··· Data shown

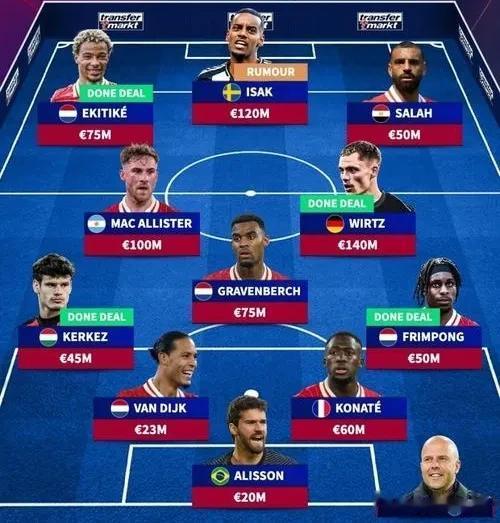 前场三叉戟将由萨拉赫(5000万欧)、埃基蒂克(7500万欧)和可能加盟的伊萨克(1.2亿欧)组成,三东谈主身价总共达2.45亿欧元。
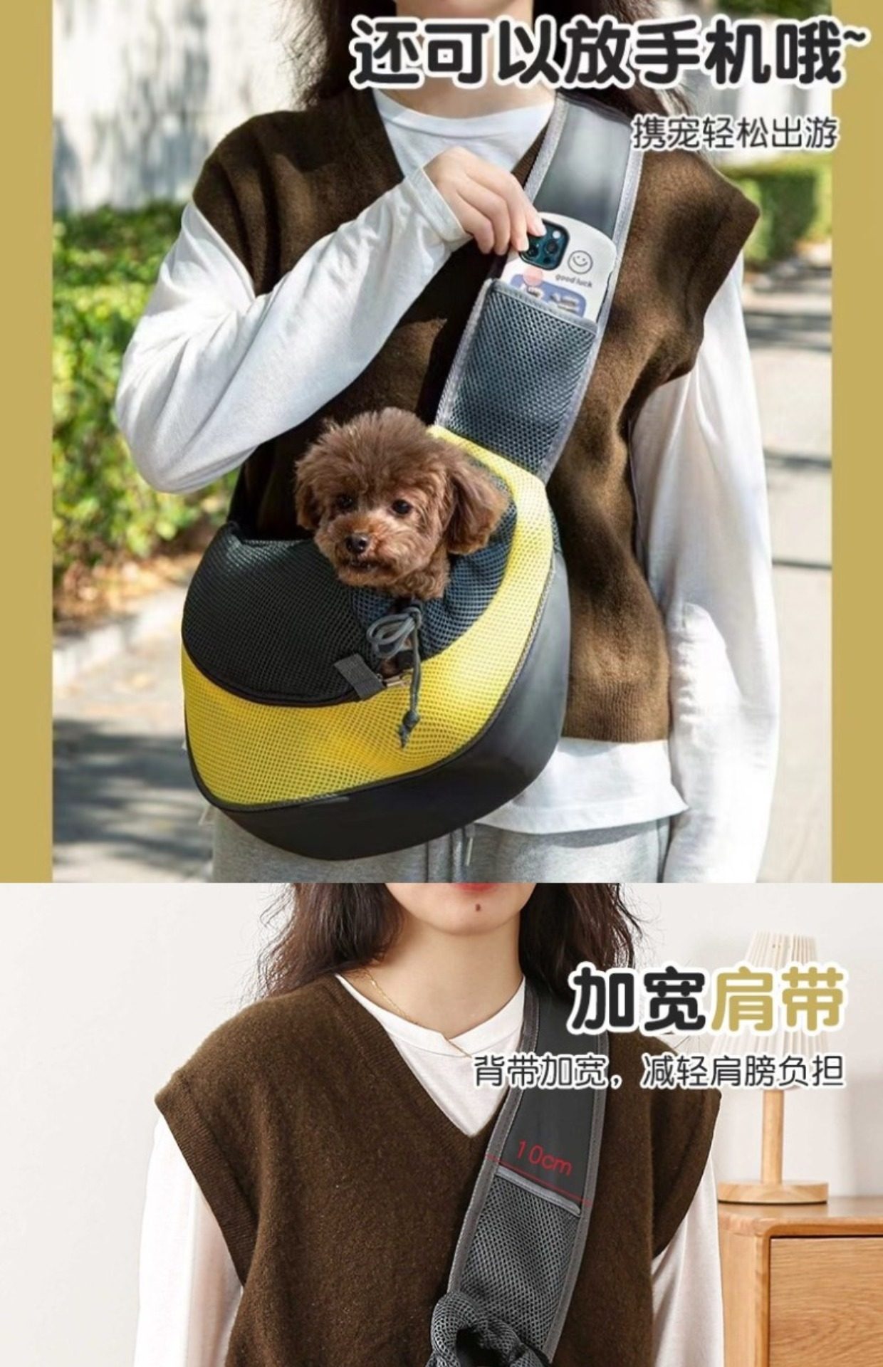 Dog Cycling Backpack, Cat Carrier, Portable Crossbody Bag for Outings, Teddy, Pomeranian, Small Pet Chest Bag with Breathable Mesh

······
··· Data shown

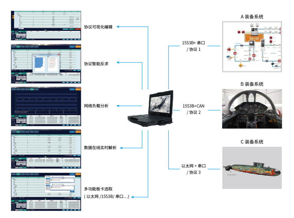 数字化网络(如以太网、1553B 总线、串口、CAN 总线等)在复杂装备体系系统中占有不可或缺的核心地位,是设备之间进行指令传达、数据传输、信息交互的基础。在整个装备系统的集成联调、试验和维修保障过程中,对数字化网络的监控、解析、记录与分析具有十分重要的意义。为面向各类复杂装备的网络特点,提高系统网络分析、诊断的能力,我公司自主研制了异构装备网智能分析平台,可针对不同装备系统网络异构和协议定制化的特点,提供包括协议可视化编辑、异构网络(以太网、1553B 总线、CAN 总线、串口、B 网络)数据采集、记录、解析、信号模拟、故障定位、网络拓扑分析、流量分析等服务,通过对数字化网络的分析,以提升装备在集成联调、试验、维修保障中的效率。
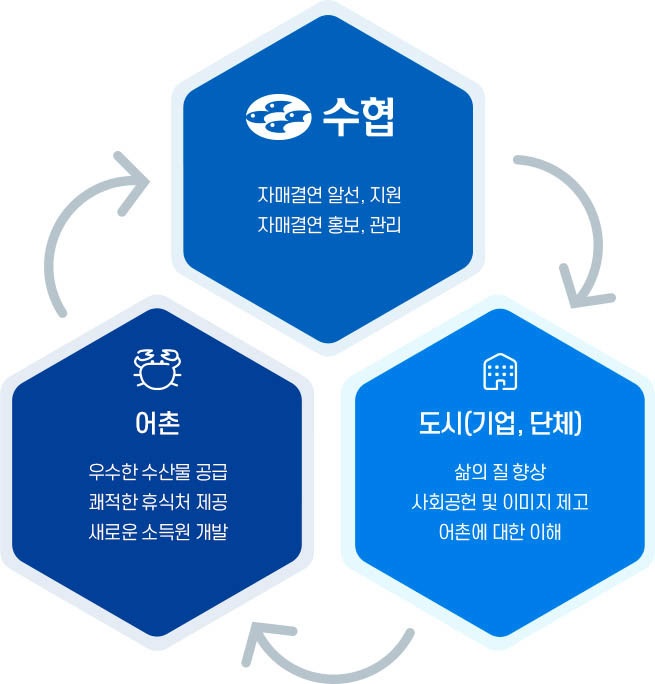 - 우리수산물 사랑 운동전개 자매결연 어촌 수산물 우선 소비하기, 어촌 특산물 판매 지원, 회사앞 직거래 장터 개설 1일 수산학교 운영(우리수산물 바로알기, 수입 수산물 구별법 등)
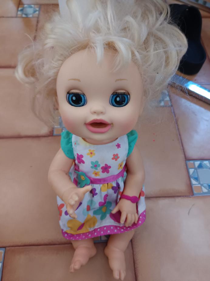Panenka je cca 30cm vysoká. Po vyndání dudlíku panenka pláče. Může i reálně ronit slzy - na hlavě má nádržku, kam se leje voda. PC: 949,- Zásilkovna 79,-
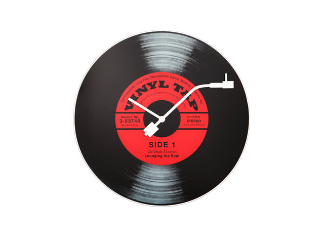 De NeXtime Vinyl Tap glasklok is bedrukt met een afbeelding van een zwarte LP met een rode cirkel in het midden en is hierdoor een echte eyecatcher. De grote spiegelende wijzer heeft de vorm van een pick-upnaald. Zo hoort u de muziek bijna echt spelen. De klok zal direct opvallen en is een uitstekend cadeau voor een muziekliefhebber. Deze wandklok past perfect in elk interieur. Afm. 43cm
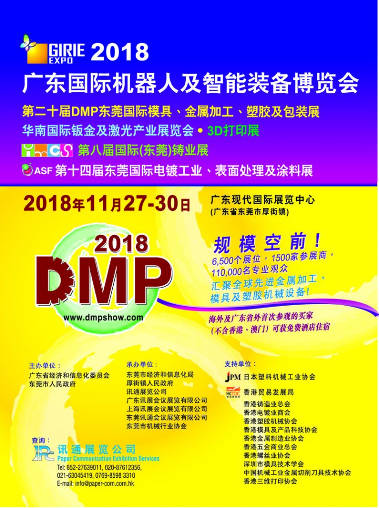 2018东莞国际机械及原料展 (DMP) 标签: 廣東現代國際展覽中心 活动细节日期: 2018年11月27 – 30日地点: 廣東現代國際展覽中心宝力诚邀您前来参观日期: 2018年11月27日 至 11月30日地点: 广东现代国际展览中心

······
··· Data shown

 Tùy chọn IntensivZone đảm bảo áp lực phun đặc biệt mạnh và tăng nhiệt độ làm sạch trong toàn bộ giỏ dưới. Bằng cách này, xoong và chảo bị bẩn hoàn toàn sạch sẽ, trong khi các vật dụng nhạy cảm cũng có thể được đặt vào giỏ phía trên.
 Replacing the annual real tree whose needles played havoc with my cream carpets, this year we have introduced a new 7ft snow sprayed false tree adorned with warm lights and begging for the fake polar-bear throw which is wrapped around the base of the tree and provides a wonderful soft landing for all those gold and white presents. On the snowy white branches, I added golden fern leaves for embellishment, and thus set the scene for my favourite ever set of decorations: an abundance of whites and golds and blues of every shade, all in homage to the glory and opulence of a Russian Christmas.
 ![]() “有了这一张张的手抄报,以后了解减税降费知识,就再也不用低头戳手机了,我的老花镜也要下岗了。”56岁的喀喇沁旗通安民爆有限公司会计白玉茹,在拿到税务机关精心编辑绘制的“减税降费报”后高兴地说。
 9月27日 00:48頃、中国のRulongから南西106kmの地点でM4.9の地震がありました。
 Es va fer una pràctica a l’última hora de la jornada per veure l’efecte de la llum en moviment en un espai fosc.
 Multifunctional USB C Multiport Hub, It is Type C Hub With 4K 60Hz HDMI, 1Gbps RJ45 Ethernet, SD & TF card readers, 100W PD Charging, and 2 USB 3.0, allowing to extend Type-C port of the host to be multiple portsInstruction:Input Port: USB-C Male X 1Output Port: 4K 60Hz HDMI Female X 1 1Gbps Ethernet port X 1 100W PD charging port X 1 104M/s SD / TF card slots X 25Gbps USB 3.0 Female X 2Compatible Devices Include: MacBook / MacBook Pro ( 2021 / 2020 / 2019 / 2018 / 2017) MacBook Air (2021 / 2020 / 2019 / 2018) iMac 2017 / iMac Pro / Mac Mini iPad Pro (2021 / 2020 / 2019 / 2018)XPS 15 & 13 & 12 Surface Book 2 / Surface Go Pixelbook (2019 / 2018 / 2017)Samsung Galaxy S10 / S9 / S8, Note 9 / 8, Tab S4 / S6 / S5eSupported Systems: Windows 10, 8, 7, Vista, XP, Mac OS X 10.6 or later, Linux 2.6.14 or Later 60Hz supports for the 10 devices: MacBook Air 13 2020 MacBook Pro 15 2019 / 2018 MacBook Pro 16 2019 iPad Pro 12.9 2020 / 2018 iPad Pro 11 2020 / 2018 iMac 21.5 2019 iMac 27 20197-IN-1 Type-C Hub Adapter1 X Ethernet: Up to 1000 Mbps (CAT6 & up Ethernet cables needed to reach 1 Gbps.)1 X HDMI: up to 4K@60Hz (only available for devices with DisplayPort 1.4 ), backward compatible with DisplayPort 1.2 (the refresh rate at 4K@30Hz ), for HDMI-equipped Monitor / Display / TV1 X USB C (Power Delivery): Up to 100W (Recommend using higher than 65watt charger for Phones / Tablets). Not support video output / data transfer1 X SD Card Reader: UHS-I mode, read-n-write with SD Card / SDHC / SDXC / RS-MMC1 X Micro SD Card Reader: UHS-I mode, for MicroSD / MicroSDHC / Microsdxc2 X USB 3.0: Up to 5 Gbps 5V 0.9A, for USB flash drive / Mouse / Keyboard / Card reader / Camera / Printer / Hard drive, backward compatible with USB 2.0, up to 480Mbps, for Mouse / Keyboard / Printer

······

What the exercise asks -
Start at the line above containing "前场三叉戟将由萨拉赫(500" and stop at the line containing "Dog Cycling Backpack, Cat": print those lines and everything between them exactly, but not the pictures.

Task result -
 前场三叉戟将由萨拉赫(5000万欧)、埃基蒂克(7500万欧)和可能加盟的伊萨克(1.2亿欧)组成,三东谈主身价总共达2.45亿欧元。
 Dog Cycling Backpack, Cat Carrier, Portable Crossbody Bag for Outings, Teddy, Pomeranian, Small Pet Chest Bag with Breathable Mesh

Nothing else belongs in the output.